There’s no denying that discussions regarding cancer can be challenging. But given that half of us will experience cancer in our lifetime, it’s crucial that we handle them appropriately.
Frequently, there are appropriate and inappropriate things to express. However, because cancer is such a highly emotional and life-changing subject, it can be challenging to differentiate between the two.
To aid in advancing the conversation about cancer, we’ve consulted individuals who have dealt with, or are presently dealing with cancer, regarding what not to say – as well as the things they prefer people would have stated instead.
It’s important to note that everyone is completely different and some individuals may wish to discuss certain things while others may not.
Nevertheless, these general insights from individuals who have faced cancer firsthand can help steer the way.
What not to express
‘I’m so so sorry, this is so so awful – what an awful thing to happen to you’
This was something encountered by Alice, a lawyer who was diagnosed with cervical cancer at the age of 32.
She states: ‘Some of the way my friends would talk to me about it was very down and depressing.
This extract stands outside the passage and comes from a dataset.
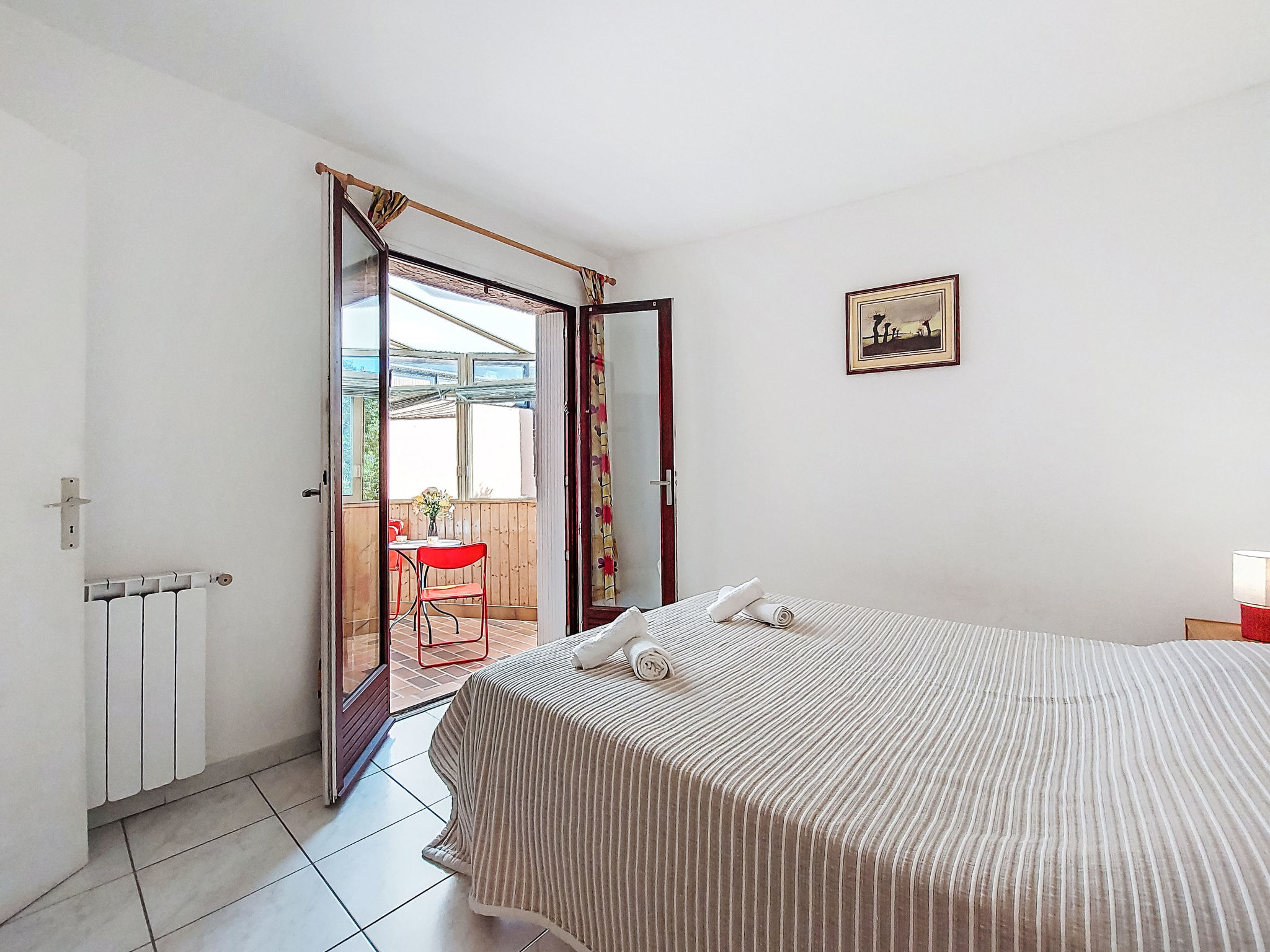 2-Zimmer-Wohnung 45 m2 im 3. Stock. Geräumig, schön eingerichtet: Wohn-/Esszimmer mit 1 Doppeldiwanbett (140 cm, Länge 190 cm), TV. Ausgang zur Terrasse, zur Loggia. 1 Zimmer mit 1 franz. Bett (140 cm, Länge 190 cm). Ausgang zur Loggia, Richtung Osten. Küche (4 Kochplatten, Mini-Backofen, Toaster, Wasserkocher, Mikrowelle, elektrische Kaffeemaschine). Dusche, Bidet, sep. WC. G-Heizung. Grosse Terrasse 20 m2, Westlage. Terrassenmöbel, Loggia. Seitliche Fernsicht auf das Meer. Zur Verfügung: Waschmaschine, Bügeleisen. Internet (Wireless LAN, extra). Parkplatz. Bitte beachten: TV nur FR. Rauchmelder. Inserat einer Privatperson nach Artikel 155, IV, CGI. 83009 000133MZ.

‘I had phone calls with several of my friends and it was as if they thought I was going to die in the next few weeks. I found that really difficult to deal with.
‘I was obviously thinking about all this stuff in my head myself and what I really didn’t want was to be having these really depressing conversations with my friends.’
‘You’re so strong – you can fight this cancer and survive it’
‘This feels very wrong because it doesn’t matter how strong you are, you might still die of cancer,’ says Alice.
‘How strong you are has no bearing on how you do, physically, with cancer.’
‘You’ve been through so much, it must have been such a gift really – surely you must have learned things about yourself’
Alice explains this is the stereotype of exactly what not to say and she even experienced this when she was recovering from a radical hysterectomy – in other words, the surgical removal of the uterus, cervix, ovaries, fallopian tubes, and other surrounding structures.
‘The answer to that was “no” – this was not a “gift”,’ Alice continues.
‘I would take away everything that I’ve got now in order to not have cancer – not a single part of me thinks there’s any upside to cancer.’
‘Let me know how I can help you’
Sheetal, who was diagnosed with stage one breast cancer in October 2018 at the age of 50, says instead come up with specific ideas – rather than being so general.
She suggests: ‘I’d love to bring some dinner tomorrow, what is your favourite comfort food; I’d love to take your dog out for a walk in the mornings; I’d love to come over and tidy up Saturday – what time works for you? etc’
But obviously make sure you deliver – don’t offer help you can’t provide.
‘It’s just hair, don’t worry – it will grow back’
If someone is going through chemotherapy and losing their hair, Sheetal says this is an unhelpful thing to say.
Instead, she recommends saying something like ‘this must be very hard for you, would you like to discuss it?’
What to say instead
‘It can be something that we motivates us early’ (and using ‘we’ language in general)
Alice explains that one of her friends phrased things as ‘we’ – when referring to her having surgery and cancer treatments.
She says: ‘I was looking back at some of my messages the other day and we were talking about chemotherapy and she had said: “it can be something that we motivate early, so chemo isn’t needed at all.”
‘And later in the conversation she said “I’m still confident we’ve caught it early” – and that was the day after I was diagnosed and I was going into hospital by myself and I hadn’t told many people, as I think I was hoping it might go away if I didn’t tell people.
‘So the use of the word “we” really made me feel not so alone when I was going through it and that it was something that we were going to get through together.’
‘You’re managing this so well and you’re being resilient – you’re the strongest person I know’
Alice says instead of using the word ‘strong’ in a physical context – in regards to someone physically fighting cancer – she says it really helped her when it was used in an emotional way.
She explains that her friends would use it to describe her strong mental state.
‘They didn’t mean “you can do this, you can beat cancer” – because they had no idea – they meant you can mentally do this and get through this – and I found this really really helpful,’ she says.
‘I’m so sorry, I don’t know what to say.’
Sheetal says remember it’s fine to admit you don’t know what to say.
It’s better to be honest, rather than force something insincere. Plus, the person you know living with cancer will be able to shed light what they do and don’t want to talk about – which can help navigate future conversations.